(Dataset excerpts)
________

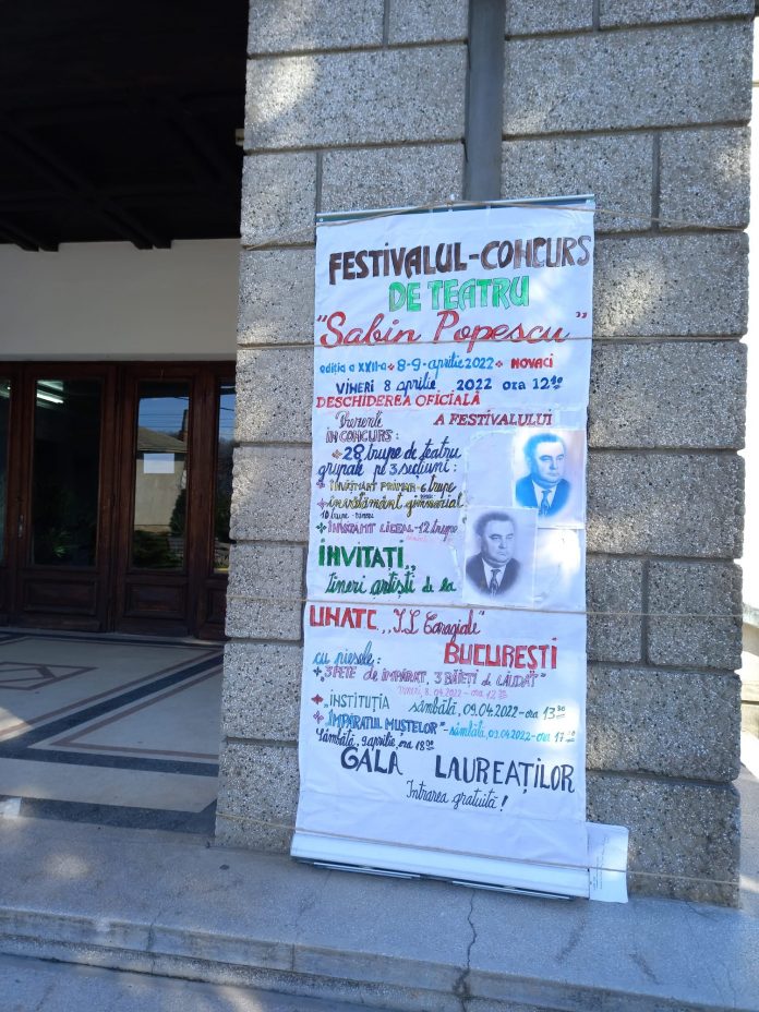 Casa de Cultură Novaci va fi gazda celei de a XXII-a ediții a Festivalului – Concurs de Teatru „Sabin Popescu”, timp de două zile, pe 8 și 9 aprilie. La concurs vor participa 28 de trupe de teatru din școlile și liceele județului Gorj. Acestea vor fi grupate pe trei secțiuni: învățământ primar, gimnazial și liceal. Peste 300 de elevi pasionați de lumea teatrului și aproximativ 50 de cadre didactice și actori în calitate de instructori vor fi prezenți.
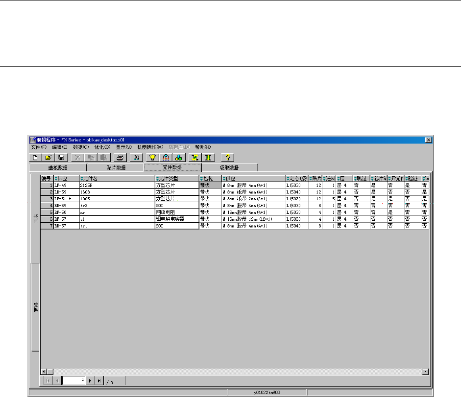 “元件数据”,是针对在“贴片数据”中输入的“元件名称”输入详细的信息数据。
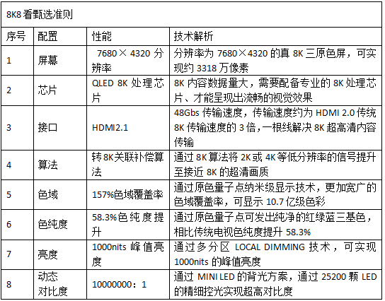 在行業(yè)趨勢(shì)及國(guó)家政策的雙重推動(dòng)下,為正確引導(dǎo)8K電視市場(chǎng)發(fā)展方向、加快發(fā)展步伐,TCL聯(lián)合國(guó)家廣播電視產(chǎn)品質(zhì)量監(jiān)督檢驗(yàn)中心經(jīng)過長(zhǎng)時(shí)間的市場(chǎng)調(diào)研及總結(jié),從行業(yè)整體的角度對(duì)8K電視進(jìn)行了初步探討,并編制出《8K8看甄選白皮書》。這份白皮書告訴我們,實(shí)現(xiàn)真正的8K震撼視覺體驗(yàn)關(guān)鍵性能/技術(shù)要求如下。
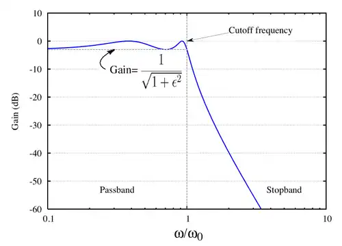 em que e é a amplificação na frequência de corte (nota: a definição comum na frequência de corte como a frequência com um ganho de −3 dB não se aplica aos filtros Chebyshev), e é um polinomial de Chebyshev da ésima ordem, como por exemplo:
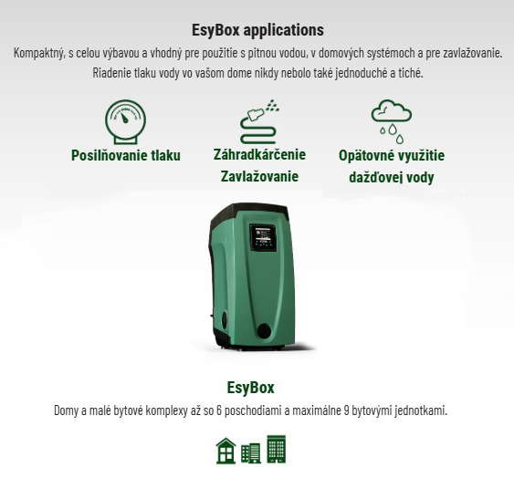 - automatický posiľnovací systém pre zásobovanie vody v domácich alebo komerčných rozvodoch
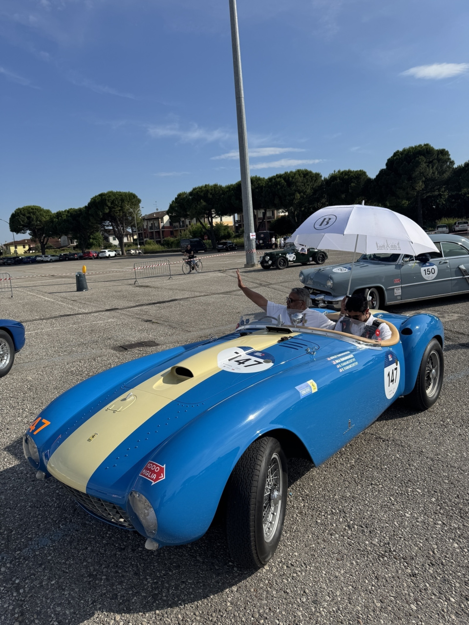 Was für ein Auftritt in blau-weiß: der Ferrari 375 Mille Miglia Spider Pini Farina von 1953.
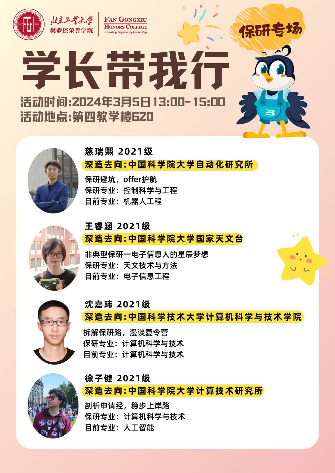 为了帮助同学们更加清晰地规划未来,yl6809永利于3月起举办“学长带我行”、“师长带我行”系列活动,通过邀请师长、高年级本科生进行经验交流分享,为低年级学子提供专业指导和答疑解惑,旨在延续樊院学子一贯的责任意识与传承精神,助力同学们更高效地进行学业规划和未来发展。本次“学长带我行”系列活动面向全体同学开展了问卷征集,针对同学们关心的夏令营信息、面试材料准备、考试技巧、跨专业深造以及直博申请等内容,于2025年3月5日举办了第一期经验交流会。交流会邀请了慈瑞熙、沈嘉玮、王睿涵、徐子健四位同学作为分享嘉宾,会议由辅导员戴璐老师主持。

________

*DIRECTIONS:*
Word for word, copy the lines from the one with "- automatický posiľnovací" through the end of the entries above, and do not include any picture.

*FINISHED TASK:*
 - automatický posiľnovací systém pre zásobovanie vody v domácich alebo komerčných rozvodoch
 Was für ein Auftritt in blau-weiß: der Ferrari 375 Mille Miglia Spider Pini Farina von 1953.
 为了帮助同学们更加清晰地规划未来,yl6809永利于3月起举办“学长带我行”、“师长带我行”系列活动,通过邀请师长、高年级本科生进行经验交流分享,为低年级学子提供专业指导和答疑解惑,旨在延续樊院学子一贯的责任意识与传承精神,助力同学们更高效地进行学业规划和未来发展。本次“学长带我行”系列活动面向全体同学开展了问卷征集,针对同学们关心的夏令营信息、面试材料准备、考试技巧、跨专业深造以及直博申请等内容,于2025年3月5日举办了第一期经验交流会。交流会邀请了慈瑞熙、沈嘉玮、王睿涵、徐子健四位同学作为分享嘉宾,会议由辅导员戴璐老师主持。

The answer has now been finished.